Provided data -
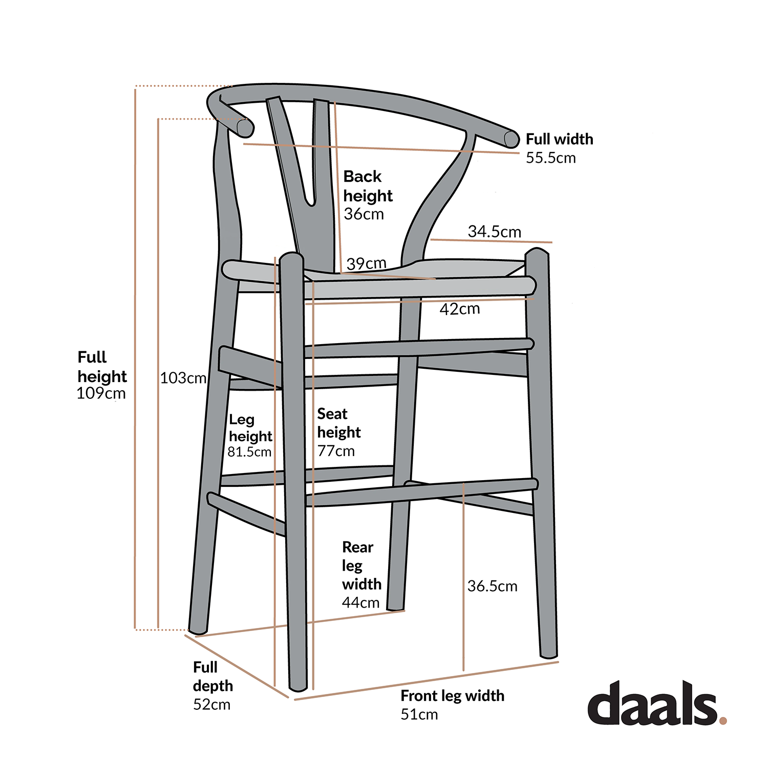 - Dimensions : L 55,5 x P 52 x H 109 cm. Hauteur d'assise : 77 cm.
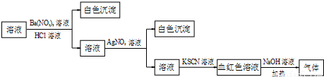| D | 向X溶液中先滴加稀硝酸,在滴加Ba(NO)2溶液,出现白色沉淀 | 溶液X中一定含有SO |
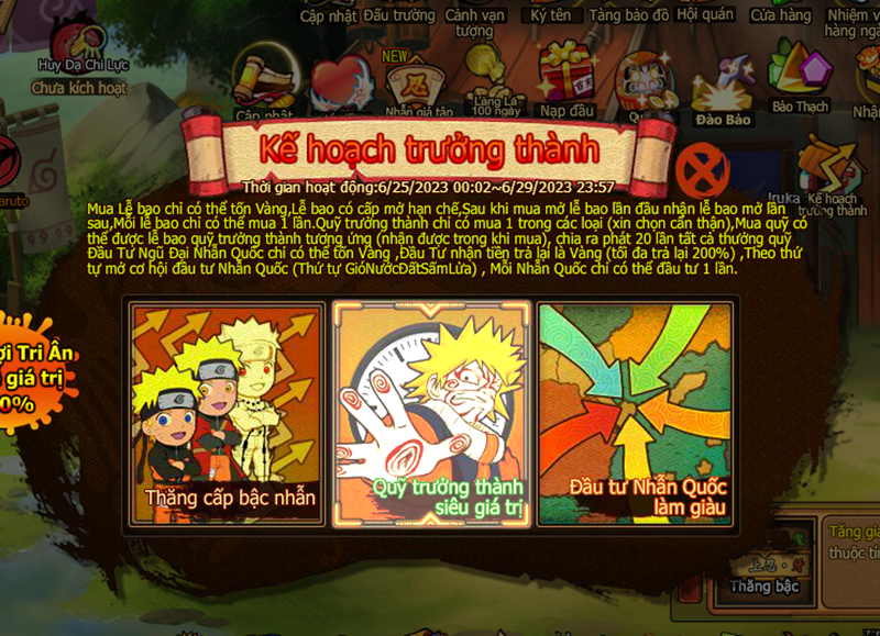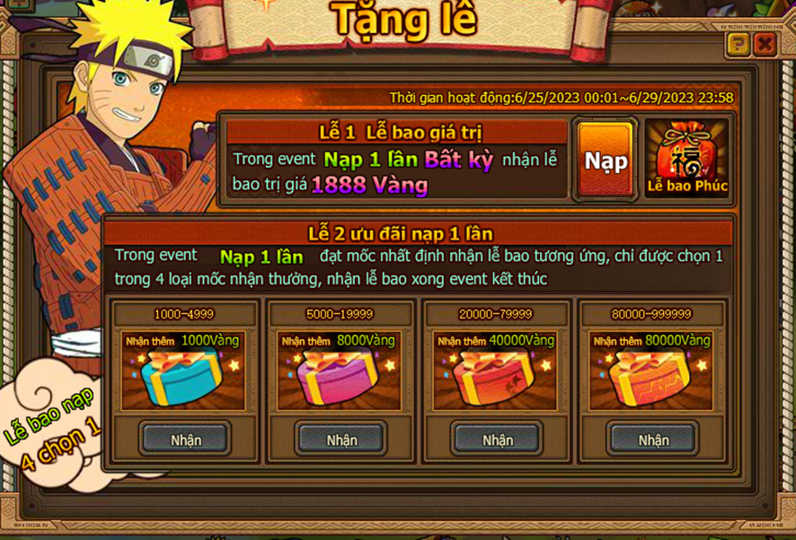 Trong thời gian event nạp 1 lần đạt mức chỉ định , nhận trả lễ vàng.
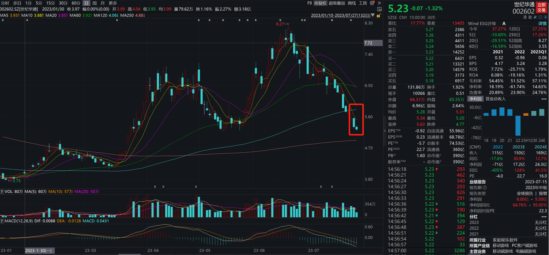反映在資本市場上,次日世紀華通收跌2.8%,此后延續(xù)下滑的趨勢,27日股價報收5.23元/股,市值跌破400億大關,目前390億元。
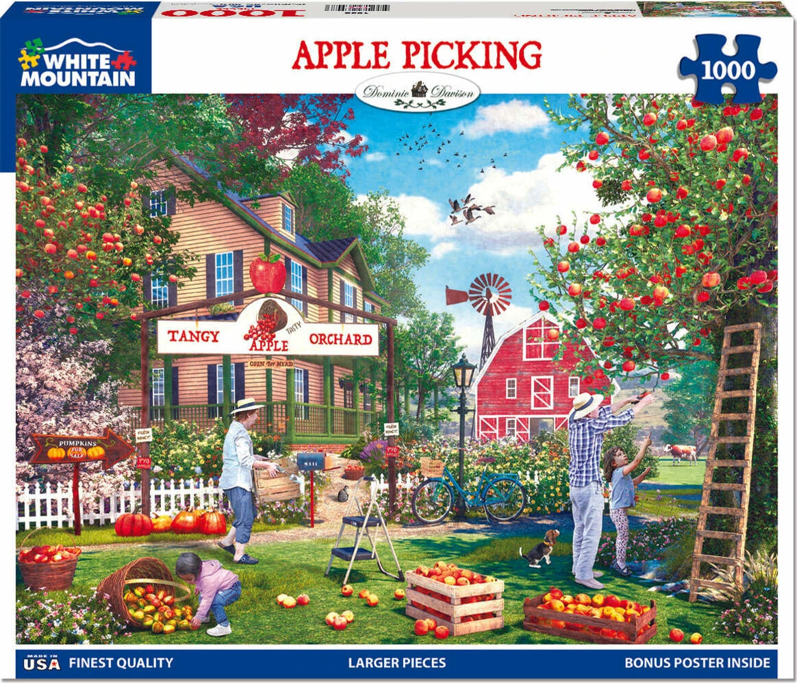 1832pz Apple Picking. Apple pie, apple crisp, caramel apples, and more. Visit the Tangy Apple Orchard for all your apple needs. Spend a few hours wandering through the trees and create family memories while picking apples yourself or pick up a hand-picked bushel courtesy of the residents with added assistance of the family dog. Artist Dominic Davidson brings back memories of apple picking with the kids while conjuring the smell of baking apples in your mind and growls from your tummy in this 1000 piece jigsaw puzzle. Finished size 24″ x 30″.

---

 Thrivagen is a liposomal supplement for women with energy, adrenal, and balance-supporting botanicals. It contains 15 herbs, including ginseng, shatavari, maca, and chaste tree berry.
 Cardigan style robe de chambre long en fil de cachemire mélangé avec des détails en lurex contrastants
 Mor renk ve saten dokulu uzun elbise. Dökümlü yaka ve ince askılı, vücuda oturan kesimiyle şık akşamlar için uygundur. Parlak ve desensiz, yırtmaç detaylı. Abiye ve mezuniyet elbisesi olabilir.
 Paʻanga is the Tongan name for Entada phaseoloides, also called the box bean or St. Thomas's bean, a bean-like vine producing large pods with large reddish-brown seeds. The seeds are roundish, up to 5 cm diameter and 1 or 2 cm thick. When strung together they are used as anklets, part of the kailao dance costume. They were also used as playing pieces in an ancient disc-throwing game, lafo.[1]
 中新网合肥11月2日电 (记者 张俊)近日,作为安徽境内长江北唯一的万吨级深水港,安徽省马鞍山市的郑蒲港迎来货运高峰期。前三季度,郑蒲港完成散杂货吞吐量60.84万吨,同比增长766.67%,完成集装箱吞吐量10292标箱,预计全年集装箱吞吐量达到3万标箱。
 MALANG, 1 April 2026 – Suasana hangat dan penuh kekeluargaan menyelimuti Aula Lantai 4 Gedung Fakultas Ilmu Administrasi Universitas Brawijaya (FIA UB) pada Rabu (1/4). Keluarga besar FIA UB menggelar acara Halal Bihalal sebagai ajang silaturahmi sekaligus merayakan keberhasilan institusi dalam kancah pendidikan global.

Exercise - Only the lines starting at the one that includes "- Dimensions : L" and ending at the one that includes "反映在資本市場上,次日世紀華" should be retyped, exactly, from the records above; no pictures.

Task response -
 - Dimensions : L 55,5 x P 52 x H 109 cm. Hauteur d'assise : 77 cm.
| D | 向X溶液中先滴加稀硝酸,在滴加Ba(NO)2溶液,出现白色沉淀 | 溶液X中一定含有SO |
 Trong thời gian event nạp 1 lần đạt mức chỉ định , nhận trả lễ vàng.
反映在資本市場上,次日世紀華通收跌2.8%,此后延續(xù)下滑的趨勢,27日股價報收5.23元/股,市值跌破400億大關,目前390億元。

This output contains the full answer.